The text was updated successfully, but these errors were encountered:

staghado · 2024-12-27T12:11:20Z

when running FlexAttention vs. SDPA alone (with compile), I get :

Torch version: 2.6.0.dev20241112+cu121

=== Benchmark Results ===
+--------------+--------------+----------------------+----------------------+
|   Batch Size |   Seq Length |   FLEX Avg Time (ms) |   SDPA Avg Time (ms) |
+==============+==============+======================+======================+
|            1 |          128 |      19157.4         |      18323.5         |
+--------------+--------------+----------------------+----------------------+
|            1 |          256 |      29308.9         |      26515.9         |
+--------------+--------------+----------------------+----------------------+
|            1 |          512 |      42290.9         |      43449.5         |
+--------------+--------------+----------------------+----------------------+
|            1 |         1024 |      47303.1         |      85003.2         |
+--------------+--------------+----------------------+----------------------+
|            1 |         2048 |      89719.6         |     221348           |
+--------------+--------------+----------------------+----------------------+
|            1 |         4096 |     170735           |     842239           |
+--------------+--------------+----------------------+----------------------+
|            1 |         8192 |     331801           |          3.34551e+06 |
+--------------+--------------+----------------------+----------------------+
|            2 |         8192 |     645975           |          6.44274e+06 |
+--------------+--------------+----------------------+----------------------+
|            4 |         8192 |          1.26423e+06 |          1.24122e+07 |
+--------------+--------------+----------------------+----------------------+
|            4 |         8192 |          1.26883e+06 |          1.24035e+07 |
+--------------+--------------+----------------------+----------------------+

import torch
from torch.nn.functional import scaled_dot_product_attention
from torch.nn.attention import SDPBackend, sdpa_kernel
from tabulate import tabulate

from torch.nn.attention.flex_attention import (
    flex_attention,
    create_block_mask,
    create_mask,
)

torch._dynamo.config.cache_size_limit = 1000
flex_attention = torch.compile(flex_attention, dynamic=False)
print(f"Torch version: {torch.__version__}")

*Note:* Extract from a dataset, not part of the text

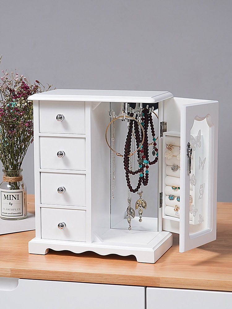 Белая деревянная коробочка для хранения, коробка для хранения, серьги, ожерелье, аксессуар для волос, кольцо, деревянная коробка из натурального дерева, японские и корейские
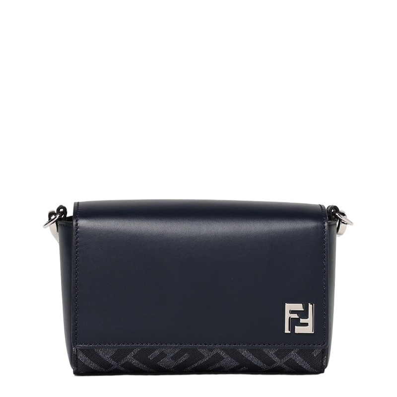 FF Squared Leather And FF Canvas Dark Blue Compact Bag

from torch._inductor.utils import do_bench_using_profiling
from typing import Callable
def benchmark_cuda_function_in_microseconds(func: Callable, *args, **kwargs) -> float:
    """Thin wrapper around do_bench_using_profiling"""
    no_args = lambda: func(*args, **kwargs)
    time = do_bench_using_profiling(no_args)
    return time * 1e3

benchmark_fn = benchmark_cuda_function_in_microseconds

WINDOW_SIZE = 64

def generate_block_mask(sequence_ids, cu_seqlens, WINDOW_SIZE):
    def sliding_window_seq_mask_mod(b, h, q_idx, kv_idx):
        # only allow attention within the same sequence
        same_seq = sequence_ids[q_idx] == sequence_ids[kv_idx]

        # get position within the sequence
        q_pos = q_idx - cu_seqlens[sequence_ids[q_idx]]
        kv_pos = kv_idx - cu_seqlens[sequence_ids[kv_idx]]

        # sliding window within each sequence
        in_window = (q_pos - kv_pos).abs() <= WINDOW_SIZE

        return same_seq & in_window
    return sliding_window_seq_mask_mod

def SWA_mask(b, h, q_idx, kv_idx):
    # sliding window within each sequence
    in_window = (q_idx - kv_idx).abs() <= WINDOW_SIZE
    return in_window

# Benchmarking function
def run_benchmark(batch_sizes, sequence_lengths, num_heads=16, hidden_dim=64, n_runs=3):
    results = []

    for batch_size in batch_sizes:
        for seq_len in sequence_lengths:
            q = torch.randn(
                batch_size, num_heads, seq_len, hidden_dim, dtype=torch.bfloat16
            ).to("cuda")
            k = torch.randn(
                batch_size, num_heads, seq_len, hidden_dim, dtype=torch.bfloat16
            ).to("cuda")
            v = torch.randn(
                batch_size, num_heads, seq_len, hidden_dim, dtype=torch.bfloat16
            ).to("cuda")

            
            sequence_lengths = [seq_len] * batch_size
            sequence_ids = torch.cat([torch.full((length,), i, dtype=torch.long) for i, length in enumerate(sequence_lengths)]).to("cuda")
            _, counts = torch.unique_consecutive(sequence_ids, return_counts=True)
            cu_seqlens = torch.cat([torch.tensor([0], device=sequence_ids.device), counts.cumsum(0)[:]])

            block_mask = create_block_mask(
                generate_block_mask(sequence_ids, cu_seqlens, WINDOW_SIZE),
                B=None,
                H=None,
                Q_LEN=cu_seqlens[-1],
                KV_LEN=cu_seqlens[-1],
                device="cuda",
            )
            mask = create_mask(SWA_mask, None, None, seq_len, seq_len, device="cuda")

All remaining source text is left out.